● **Data extracted from a collection**:
******
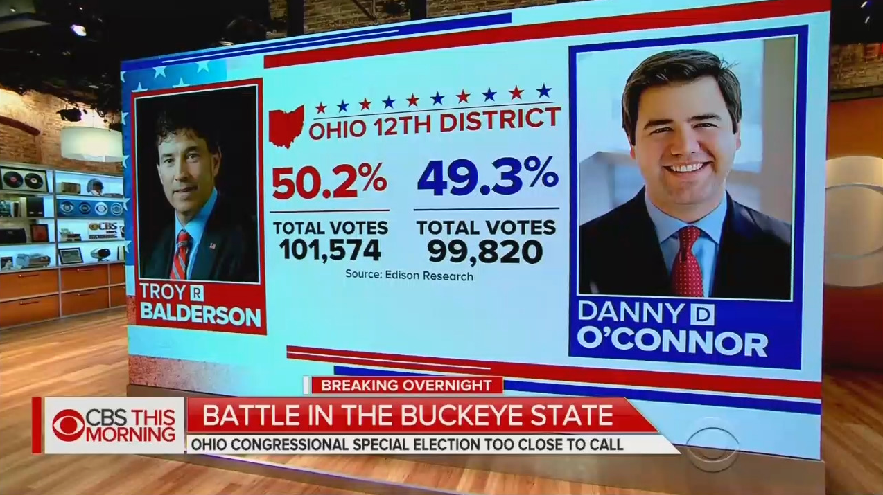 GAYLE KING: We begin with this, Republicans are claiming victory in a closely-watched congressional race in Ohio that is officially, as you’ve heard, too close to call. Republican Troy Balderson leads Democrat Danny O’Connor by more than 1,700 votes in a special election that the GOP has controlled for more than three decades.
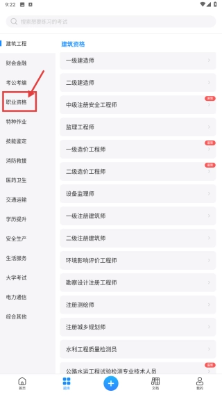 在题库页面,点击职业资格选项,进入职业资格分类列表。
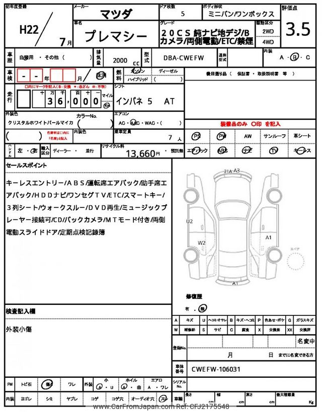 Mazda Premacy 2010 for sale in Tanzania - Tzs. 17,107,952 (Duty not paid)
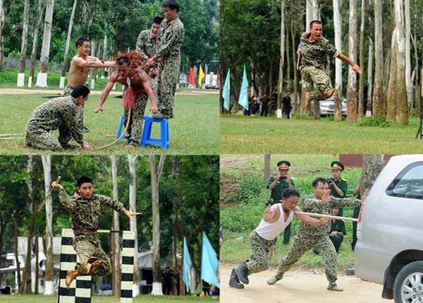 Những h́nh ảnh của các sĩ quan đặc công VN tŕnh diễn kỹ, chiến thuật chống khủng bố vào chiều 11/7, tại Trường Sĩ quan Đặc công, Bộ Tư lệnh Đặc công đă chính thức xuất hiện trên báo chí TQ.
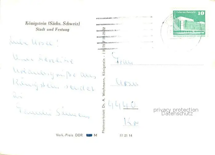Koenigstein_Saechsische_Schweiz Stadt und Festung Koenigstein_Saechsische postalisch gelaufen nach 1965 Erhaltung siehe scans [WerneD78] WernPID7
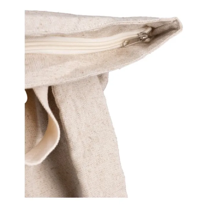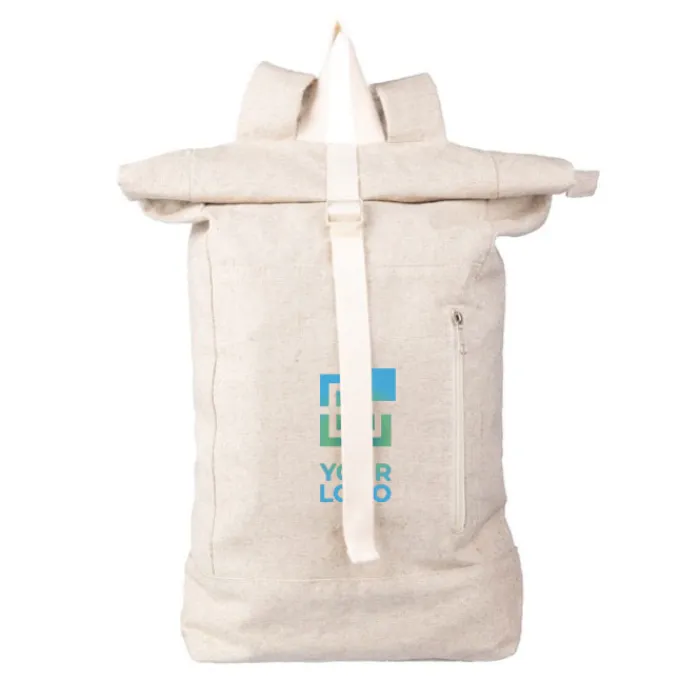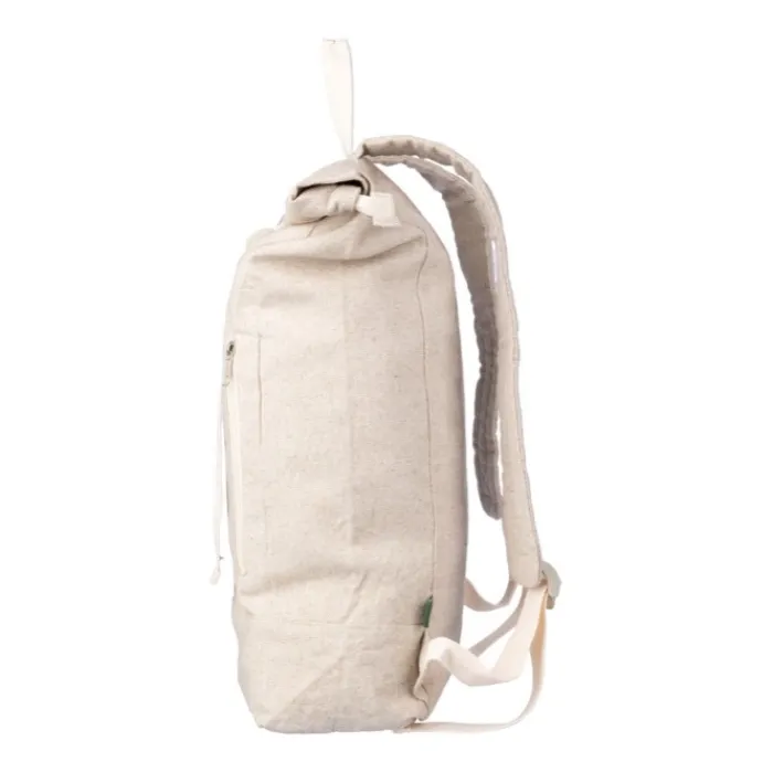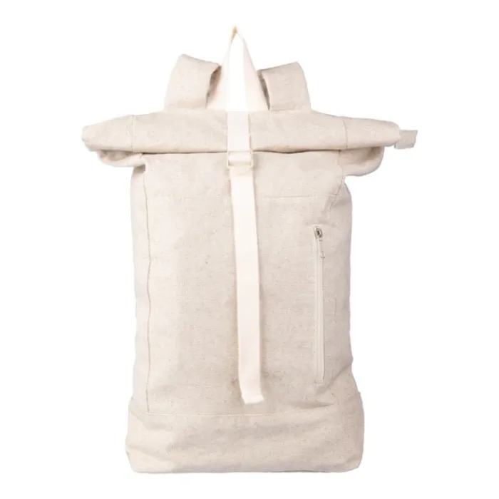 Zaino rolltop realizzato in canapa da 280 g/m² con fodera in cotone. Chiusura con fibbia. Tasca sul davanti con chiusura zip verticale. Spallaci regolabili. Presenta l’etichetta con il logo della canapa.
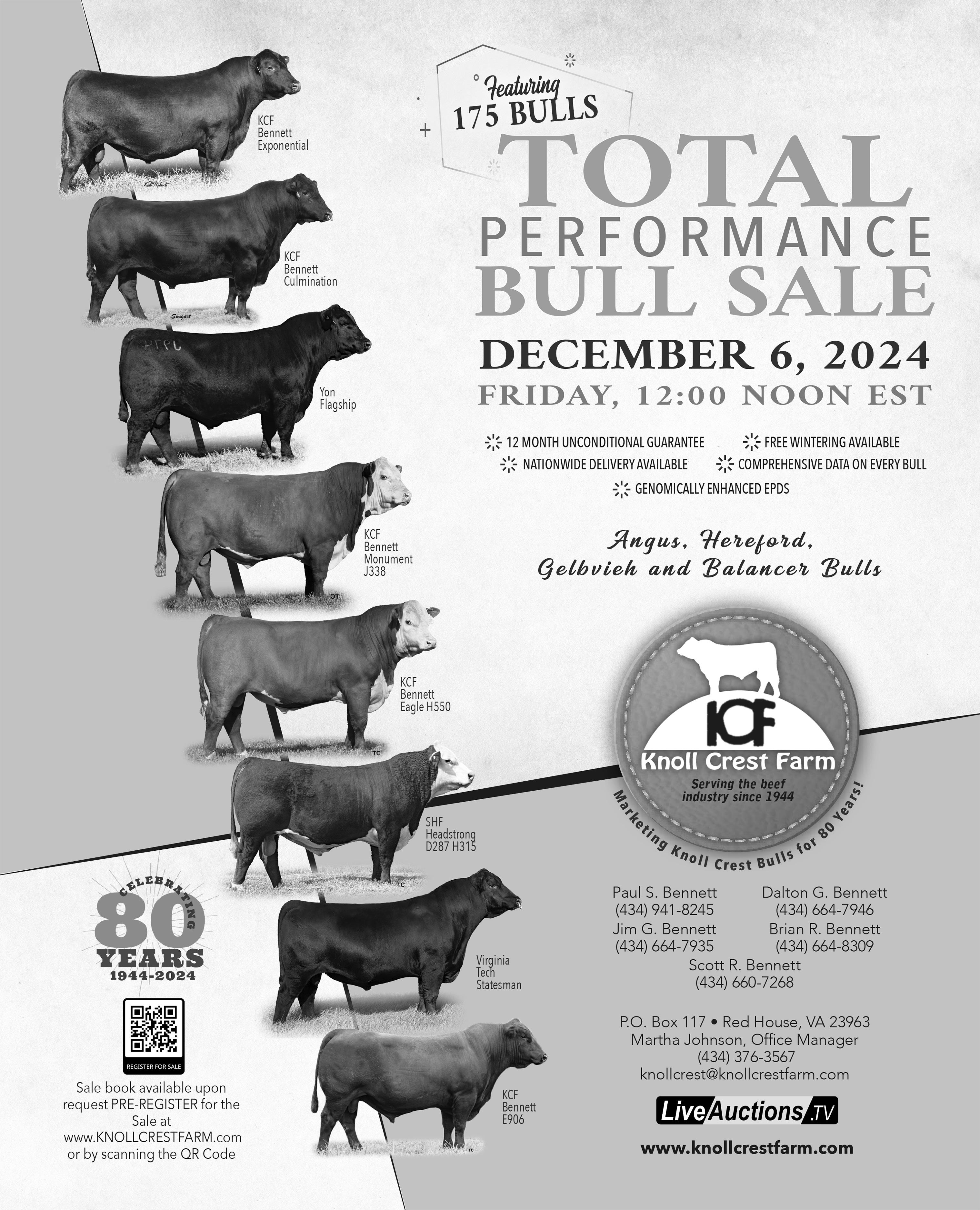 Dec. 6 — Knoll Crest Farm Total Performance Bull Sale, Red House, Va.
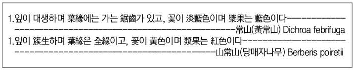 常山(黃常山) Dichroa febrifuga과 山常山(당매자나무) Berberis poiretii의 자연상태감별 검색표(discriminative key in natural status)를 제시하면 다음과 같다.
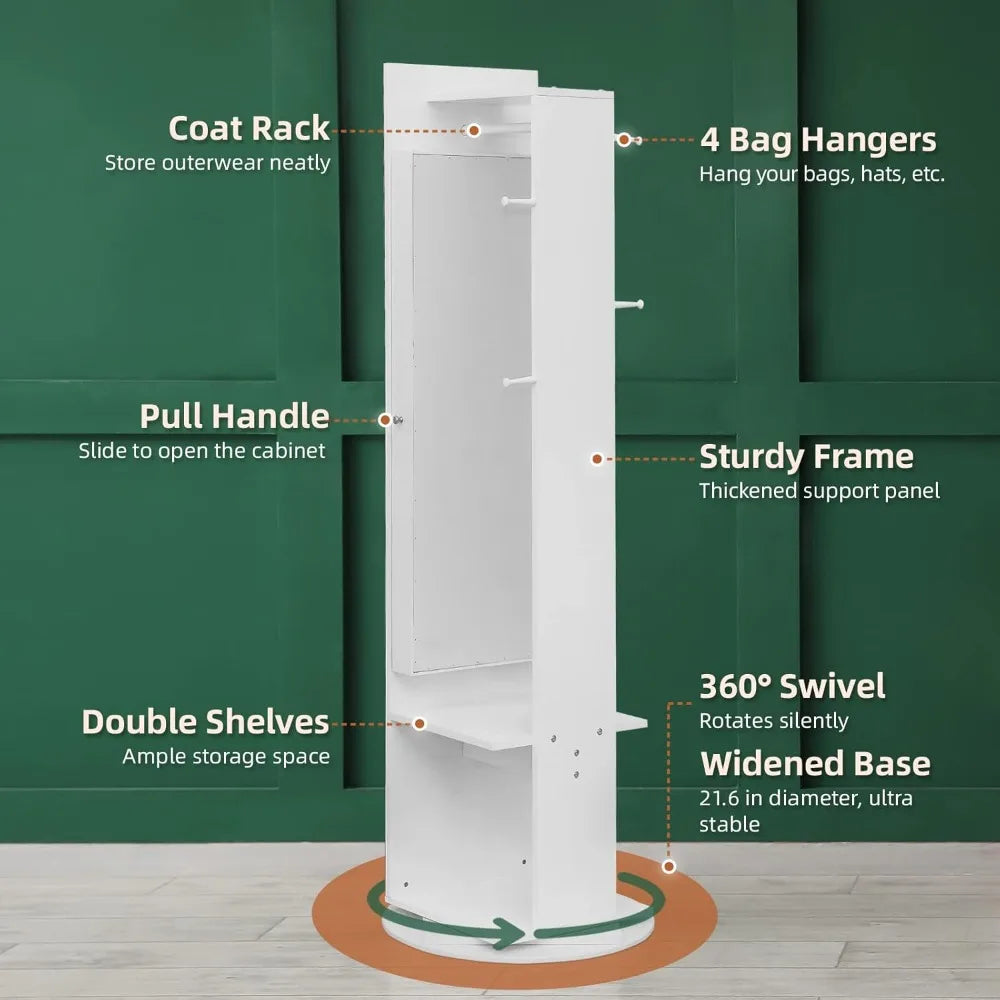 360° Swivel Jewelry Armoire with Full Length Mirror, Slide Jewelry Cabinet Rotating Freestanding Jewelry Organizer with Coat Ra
******
● **WHAT TO PRODUCE**: Exactly restate the lines from the beginning of the data through the line with "Những h́nh ảnh", and no others, keeping pictures out.

● **WRITTEN RESPONSE**:
 GAYLE KING: We begin with this, Republicans are claiming victory in a closely-watched congressional race in Ohio that is officially, as you’ve heard, too close to call. Republican Troy Balderson leads Democrat Danny O’Connor by more than 1,700 votes in a special election that the GOP has controlled for more than three decades.
 在题库页面,点击职业资格选项,进入职业资格分类列表。
 Mazda Premacy 2010 for sale in Tanzania - Tzs. 17,107,952 (Duty not paid)
 Những h́nh ảnh của các sĩ quan đặc công VN tŕnh diễn kỹ, chiến thuật chống khủng bố vào chiều 11/7, tại Trường Sĩ quan Đặc công, Bộ Tư lệnh Đặc công đă chính thức xuất hiện trên báo chí TQ.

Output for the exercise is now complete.